In that moment, “the fearful disciples (were) converted to the work that God has always been doing.” Bradley Schmeling at Gloria Dei Lutheran Church in St. Paul, Minnesota points out: “This is, of course, Jesus’ work: to love as God loves, to gather and unite, to forgive and raise up . . . (the disciples) are suddenly and miraculously inspired, despite themselves, to act just like Jesus. The Spirit embodied in Jesus now fills their bodies” and they become “the body of Christ.” (Christian Century, May 28, 2014, page 21). They become the church.

What makes Pentecost significant for us today is the realization that Jesus is no longer here. There are no post-resurrection appearances. Jesus has ascended into heaven.

He is not here. He is risen. He has ascended.

What are we to do in his absence? We must become his presence as the church, as the Body of Christ. The Rev. Dr. Donald Schmidt serves as an Associate Conference Minister of the Hawaiʻi Conference of the United Church of Christ. It was while I was attending the annual meeting of our member churches of the Hawaiʻi Conference at the First Chinese Church of Christ in Honolulu that I saw Kahu Schmidt again.

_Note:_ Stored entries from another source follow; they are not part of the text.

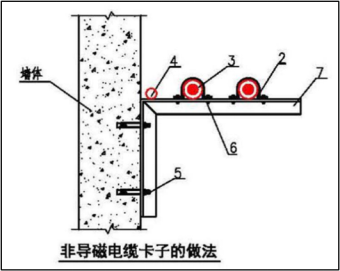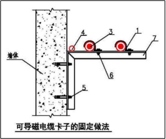 说明:1-导磁卡子,2-非导磁卡子,3-单芯电缆,4-接地导体,5-金属膨胀螺栓,6-螺栓。
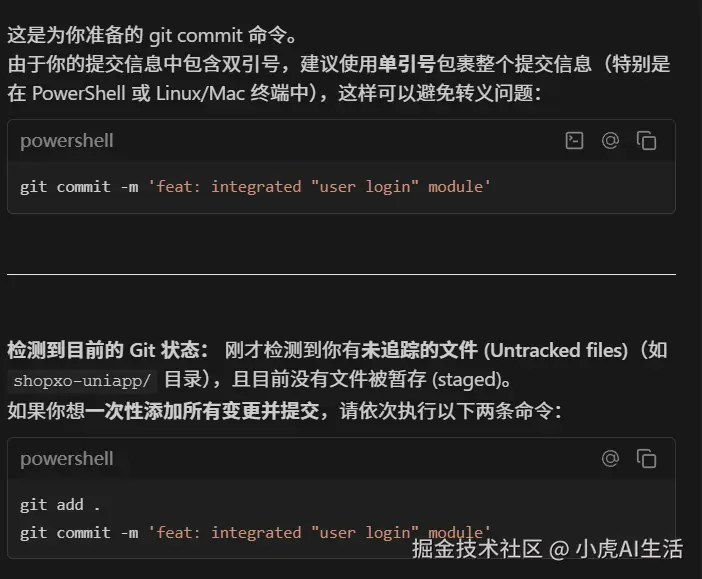 git commit -m "feat: integrated "user login" module",你在终端一跑,直接红字报错。 - ✅ After:AI 就像开了天眼,直接生成:
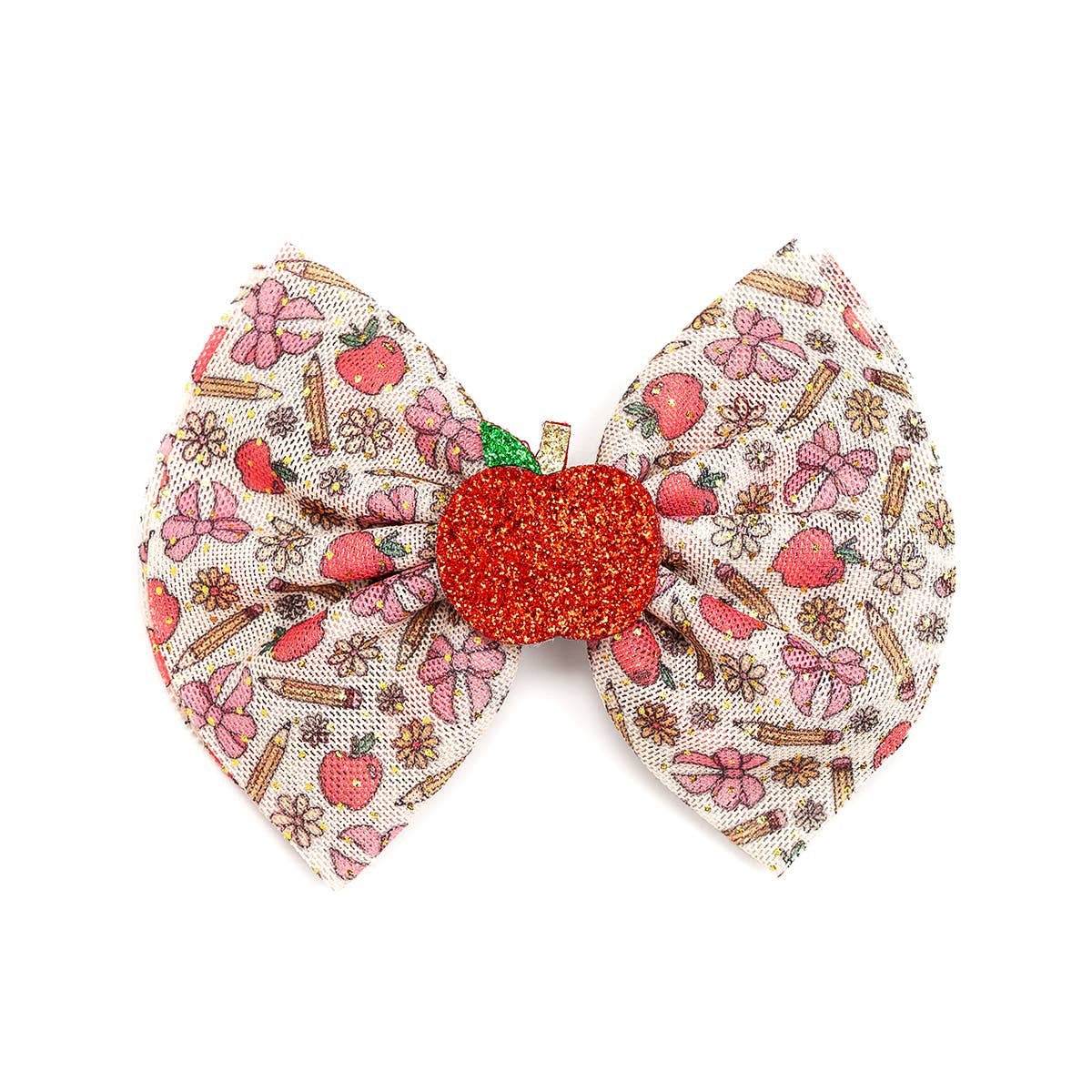 • Back to school printed tulle bow with gold glitter pin dot accents and a glitter apple motif
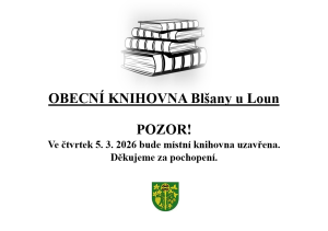 Ve čtvrtek 5. března 2026 bude místní knihovna v Blšanech u Loun uzavřena.
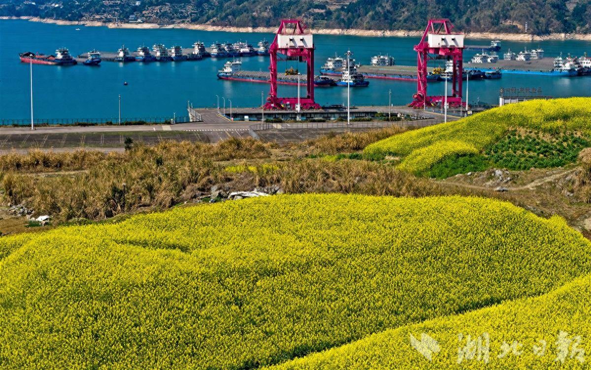 湖北秭归,长江岸边油菜花次第盛放,金色花海与码头红色岸桥、繁忙货轮相映成景。工业硬朗线条与田园柔美风光碰撞交融,春风拂过,花香与江风交织,绘就一幅春日峡江的绝美画卷。
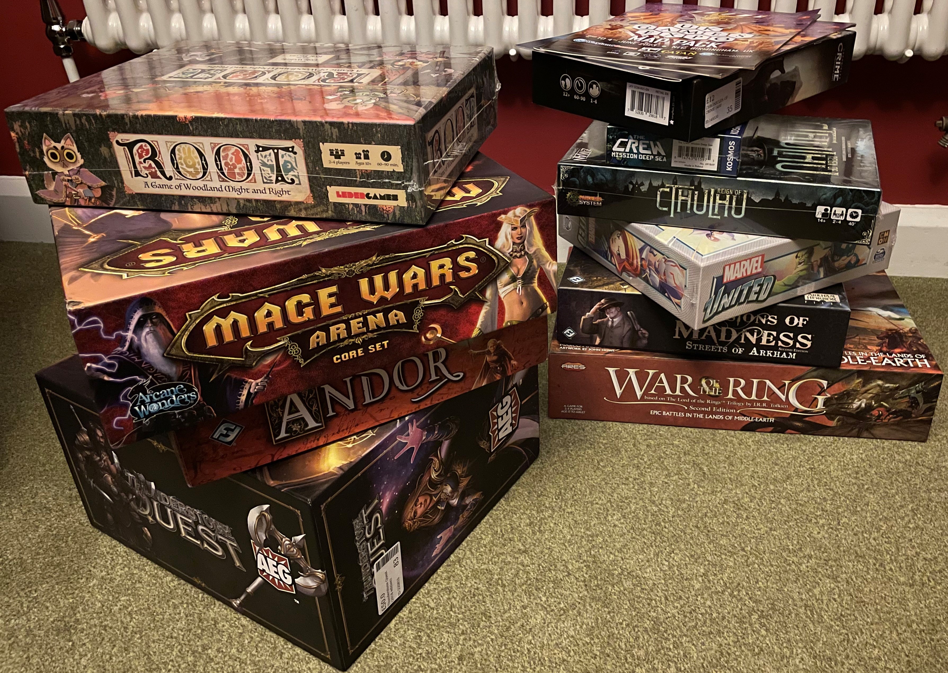 Legends of Andor was quickly added to the pile, as was Mage Wars Arena, a game we were both keen to play. Much more could have been added to the pile: Mage Knight, Core Space, Imperial Assault, Gaia Project, Mystic Vale… all were on our wants list, but Thunderstone Quest weighed a ton and money was now getting short, so we called it a day.
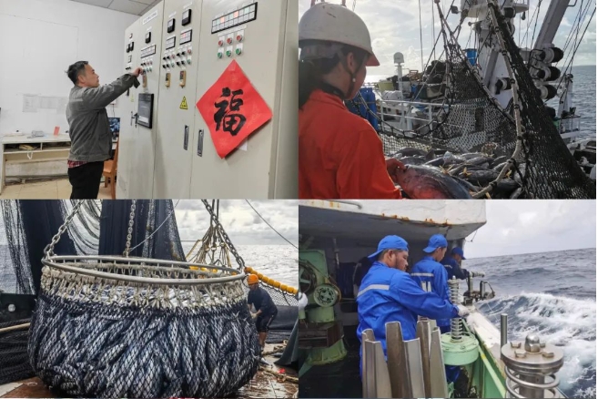 這是春節期間,中魯人堅守崗位的一個縮影。中魯食品公司值班人員24小時堅守陣地,針對防寒防凍等薄弱環節加強設備巡檢專檢,發現問題及時解決,為節日期間生產任務安全高效完成保駕護航。冷藏運輸船新懋榮輪春節期間在圖瓦盧裝貨金槍魚,船員們加班加點有序開展工作,以船為家、堅守崗位。公司14艘延繩釣船均在坦桑尼亞合作區生產,全船日均產量均在1噸以上。圍網船“泰隆7”“泰隆9”兩輪在中西太海域有序作業,開年首月兩船實現產量2000余噸,其中“泰隆9”輪獲得單網次235噸的優異成績。“魯青遠漁161”“魯青遠漁162”在秘魯漁場北部作業,產量穩中有升。
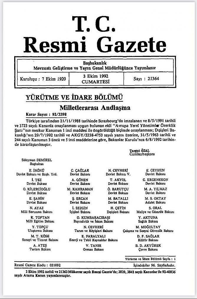 3 Ekim 1992 — Sayı : 21364 RESMİ GAZETE Sayfa ; 3
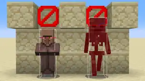 A wither skeleton has a taller eye height hitbox (red) than a villager, making it suffocate in the barrier block above it.
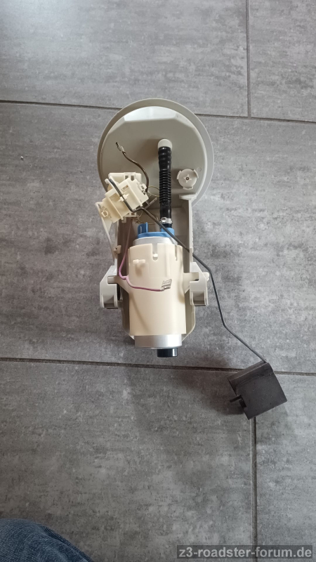 Anschließend wurde der Kraftstoff abgepumpt und die Benzinpumpe über die Wartungsklappe ausgebaut. Nach etwa 30 Minuten war die Fördereinheit draußen und wurde direkt an 12 V angeschlossen. Dabei hat sie keinerlei Geräusch von sich gegeben.

In the past, he has served as pastor of Ka Hana O Ke Akua in Waiʻanae on the island of Oʻahu and at Waiola Church in Lāhainā here on Maui. On January 2nd of this year, he was called to serve as Associate Conference Minister to provide staff support to our pastors and churches on Kauaʻi and Oʻahu and to also provide support to the Stewardship Missional Team of Hawaiʻi Conference.

Beyond describing Kahu’s work and his years of service to our Hawaiian churches, I had an opportunity many years ago to work with him on a team of curriculum writers drawn from the U.S., Canada, Australia and the United Kingdom. The result of that work was the publication of Seasons of the Spirit, a lectionary-based Sunday School curriculum for children, youth and adults.

It is a curriculum used by our own Sunday School Teaching Team here at Keawalaʻi Congregational Church. I am grateful to Loretta Brem, our Sunday School Coordinator, and the members of Sunday School staff for their decision to develop our Christian education program around the Seasons of the Spirit curriculum. The work that has been done over the years has been done by many gifted teachers and writers.

In his report to the delegates attending the annual meeting in Honolulu on Friday and Saturday, Kahu Schmidt wrote the following on his work and his first few months “on-the-job”: “Each day presents opportunities to serve God, to grow in faith, and to be present . . . we seek to be the hands and feet of Jesus Christ in our world.”

His words reflect the thoughts shared by St. Teresa of Avila in the 15th century. Teresa was born in 1515 in Spain. She died in 1582.

She entered a Carmelite convent when she was eighteen, and later earned a reputation as a mystic, reformer and writer who experienced divine visions. She founded a convent, and wrote the book The Way of Perfection for the nuns of the order.

She was very aware that every Christian has a role to play in making Christ present in the world. Among the prayers attributed to her is the following:

Christ has no body now but yours,
       No hands, no feet on earth but yours.
       Yours are the eyes with which he looks
       (with) compassion on this world.
       Yours are the feet
       with which he walks to do good.
       Christ has no body now on earth but yours.
       Yours are the hands
       with which he blesses all the world.
       Yours are the hands,
       yours are the feet.
       Yours are the eyes,
       you are his body.
       Christ has no body now but yours.
       No hands, no feet on earth but yours.
       Yours are the eyes through which he looks
       (with) compassion on this world.

We are the Body of Christ. We are the church and it is the Spirit that gives life and breath to our lives and to our churches. So Happy Birthday to the church here in Mākena and in every corner of the world - and a very Hauʻoli lā hānau to Kennedy James Kinohiokalā Yap, son of Riley Kanoa Yap and Acacia Vandaele of Maui.

Mahalo Ke Akua. Thanks be to God. Amen.